Nr. 7 Sportanlagen und Sportstätten: Die Ausübung sportlicher Aktivitäten, an denen zeitgleich mehr als zwei Personen
beteiligt sind, die nicht zu einem Haushalt gehören, ist in allen hierfür vorgesehenen Anlagen und Einrichtungen –
unabhängig ob öffentlich oder privat – untersagt. Im Umkehrschluss ist dieBenutzung von Sportanlagen für gleichzeitig bis zu
zwei individualsportlich aktiven Personen zulässig. Dies dürfte u.a. für Reithallen o.ä. von einer gewissen Relevanz sein.
 
Nur im Freien dürfen weitläufige Sportanlagen und Sportstätten, wie z.B. Golfplätze oder Reitplätze, auch zeitgleich von
mehreren individualsportlich aktiven Personen im Sinne dieser Nummer genutzt werden. Voraussetzung für die Nutzung ist,
dass keine Umkleiden und Sanitäreinrichtungen geteilt werden und Personen, die nicht gemeinsam sportlich aktiv sind, sich
nicht begegnen. 
 
Die Nutzung von Anlagen für den Schul-, Spitzen- und Profisport ist von der Untersagung ausgenommen.
 
Nr. 8 und 9 Bäder und Saunen: der Betrieb von Bädern, Badeseen und Saunen ist untersagt.
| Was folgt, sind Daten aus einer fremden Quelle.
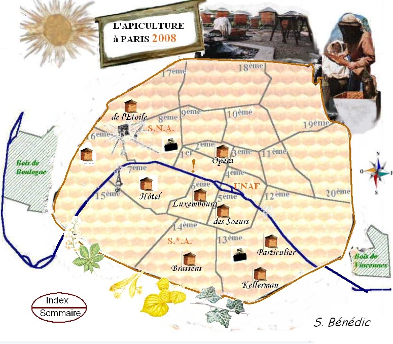 Rucher de paris liste carte des ruches situé dans la capitale parisienne / rucher du luxembourg / rucher du jardin d'acclimatation , rucher du parc kellerman , rucher du parc Georges brassens , rucher de l'opéra , rucher de l'étoile, le SNA

Die Nutzung von Anlagen
(abgesehen der Saunen) ist für den Schul-, Spitzen- und Profisport ist von der Untersagung ausgenommen.
 
Nach Ablauf von zwei Wochen werden die Bundeskanzlerin und die Regierungschefinnen und Regierungschefs der Länder sich
erneut beraten und die durch die Maßnahmen erreichten Ziele beurteilen und notwendige Anpassungen vornehmen.